::: RAW DATA

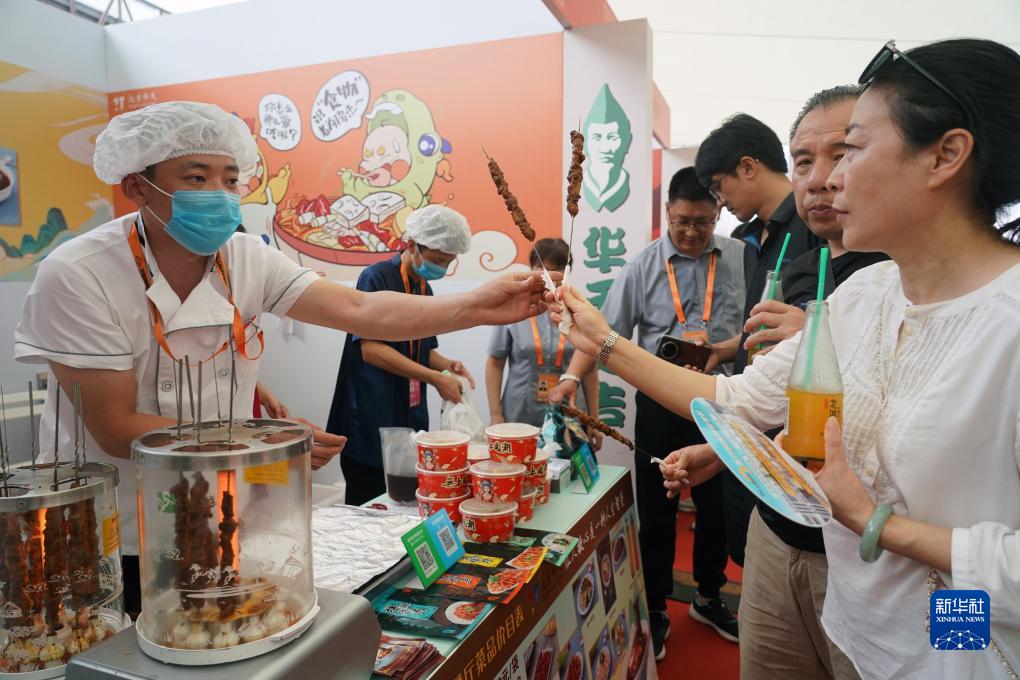 9月6日,觀(guān)眾在服貿會(huì )北京老字號創(chuàng )新發(fā)展體驗區品嘗美食。
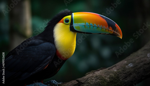 Fototapeta premium Vibrant toucan perched on branch, showcasing nature colorful beauty generated...
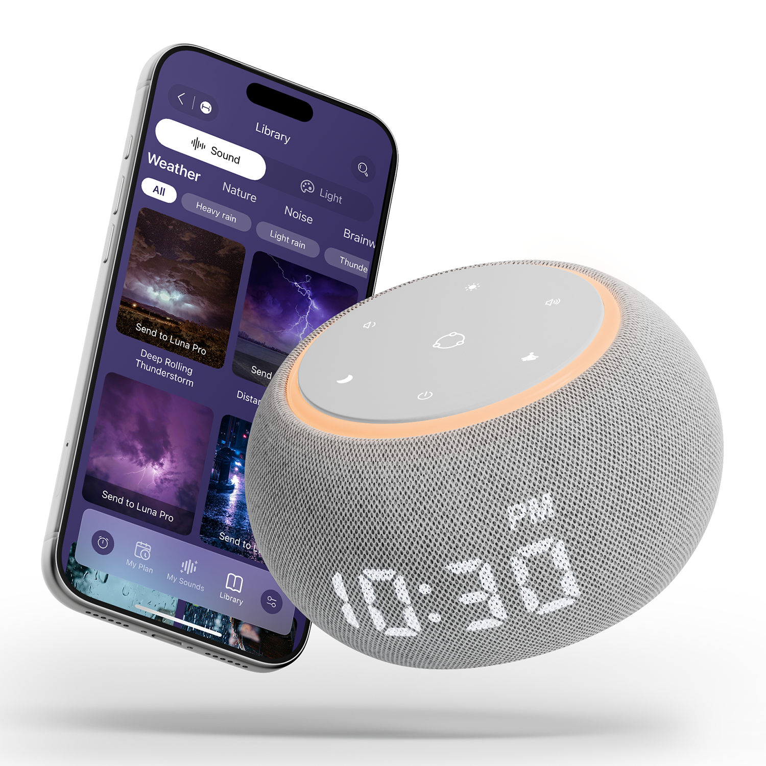 Up to 9 favorite sounds per button for personalized relaxation.

::::::

TASK GOAL = Every line from the one with "Fototapeta premium Vibrant" through the last line of the material gets printed exactly, and nothing more. Omit the pictures.

FINAL ANSWER =
 Fototapeta premium Vibrant toucan perched on branch, showcasing nature colorful beauty generated...
 Up to 9 favorite sounds per button for personalized relaxation.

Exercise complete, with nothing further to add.